Platform shall have no obligation to indemnify, defend or hold harmless WePay to the extent a Claim arises from, or is due to: (1) Claims alleging that the Service or the Development Materials infringe any third party intellectual property rights, (2) WePay's breach of its data security obligations herein with respect to the Service or the Development Materials, or (3) WePay's negligence or willful misconduct.
This Agreement will be governed by and interpreted in accordance with the internal laws of the state of New York. Disputes relating to this Agreement will be resolved by a court of competent jurisdiction in the State of New York and you agree to submit to this jurisdiction. This section does not prevent us from starting proceedings in a court or tribunal of any state with jurisdiction, including concurrently in any number of states.
We must agree in writing before you transfer or assign this Agreement (including by operation of law or merger). Without our consent, such transfer or assignment is void and may result in us immediately terminating the Agreement. Where we do agree, an assignee or transferee is subject to this Agreement and the obligations and liabilities you owed to us before the date it is transferred or assigned.

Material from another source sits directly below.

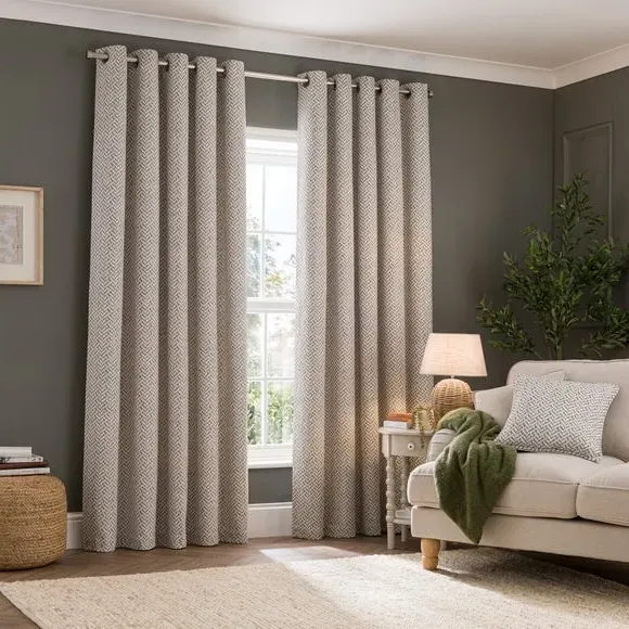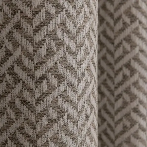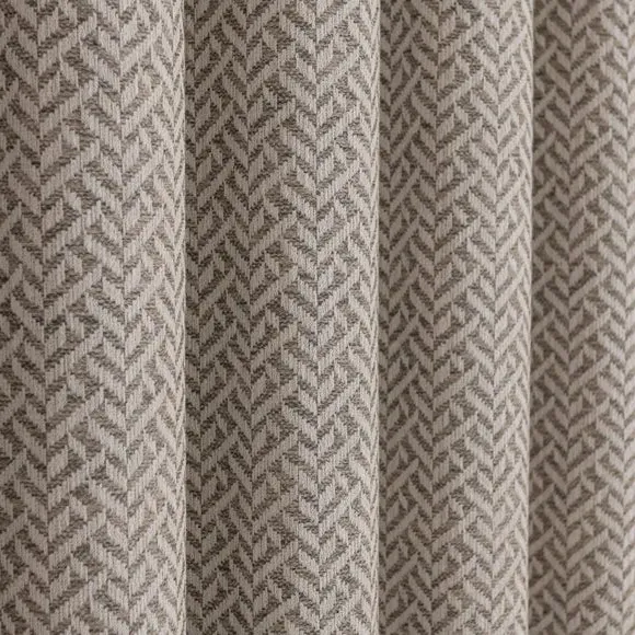 The curtains feature a sophisticated geometric herringbone weave that provides exceptional drape and texture. With its fully lined construction, the fabric offers enhanced privacy and light control, while the brushed silver eyelet header allows for easy hanging. The set includes two curtain panels that combine contemporary style with practical functionality.

We can at any time assign or transfer this Agreement, in whole or in part, or any or all of our respective rights and obligations under this Agreement.
You will give us notice at least 60 calendar days before you sell all or substantially all of your assets, or a person becomes a beneficial owner with more than 50 percent of the combined voting power of your ownership interests, or acquires voting control. You will give us information we request about a major asset sale or ownership change.
We have the right to change the terms of this Agreement at any time with notice that we in our sole discretion deem to be reasonable in the circumstances, including posting the revised Agreement on WePay Partner Center. Any use of the Platform Account or Development Materials after such notice or posting shall constitute your acceptance of this Agreement as modified.
We are not liable to you for not carrying out, or delaying performance of, any actions caused by an act of God, a government authority, any Card Network, the ACH, a legal or regulatory requirement, a catastrophe, war or terrorism, civil or labor disturbance, fire, flood, other natural disaster, or any other cause beyond our reasonable control.
Except as expressly provided in this Agreement, these terms are a complete statement of the agreement between you and WePay, and they describe the entire liability of WePay and your exclusive remedy with respect to your access and use of the Platform Account and the Development Materials. If any provision of this Agreement is invalid or unenforceable under applicable law, then it shall be changed and interpreted to accomplish the objectives of such provision to the greatest extent possible under applicable law, and the remaining provisions will continue in full force and effect. Headings are included for convenience only, and shall not be considered in interpreting this Agreement. WePay's failure to assert any right or provision under this Agreement shall not constitute a waiver of such right or provision. No waiver of any term of this Agreement shall be deemed a further or continuing waiver of such term or any other term.
Any provision that is reasonably necessary to accomplish or enforce the purpose of this Agreement shall survive and remain in effect in accordance with its terms upon the termination of this Agreement.